ACTION ITEM: Pictures are to be dropped. Everything else in the listing gets copied exactly.

*** DATA SHOWN ***

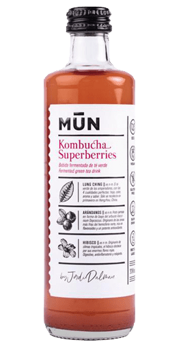 Bebida fermentada de té verde elaborada con ingredientes ecológicos entre los que se encuentran una base de té Lung Ching, hibisco y arándanos. El té de Lung Ching es conocido como el té de los emperadores por sus grandes cualidades y se recolecta solo en primavera. Los arándanos aportan sus propiedades antioxidantes y el hibisco es digestivo, antiinflamatorio y relajante. El resultado es una bebida ecológica sin alcohol de sabor herbal y ácido con un rico toque dulce.
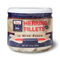 Herring, Corn Syrup or Sugar, Salt Brine, Onion, Vinegar, Spices, Wine (Contains Sulfites), Sodium Benzoate (Added as Preservative).
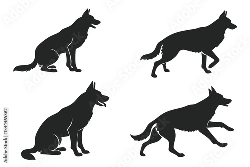Fototapeta premium German Shepherd Dog Silhouettes in Various Poses on a White Background

***

SOLUTION:
 Bebida fermentada de té verde elaborada con ingredientes ecológicos entre los que se encuentran una base de té Lung Ching, hibisco y arándanos. El té de Lung Ching es conocido como el té de los emperadores por sus grandes cualidades y se recolecta solo en primavera. Los arándanos aportan sus propiedades antioxidantes y el hibisco es digestivo, antiinflamatorio y relajante. El resultado es una bebida ecológica sin alcohol de sabor herbal y ácido con un rico toque dulce.
 Herring, Corn Syrup or Sugar, Salt Brine, Onion, Vinegar, Spices, Wine (Contains Sulfites), Sodium Benzoate (Added as Preservative).
Fototapeta premium German Shepherd Dog Silhouettes in Various Poses on a White Background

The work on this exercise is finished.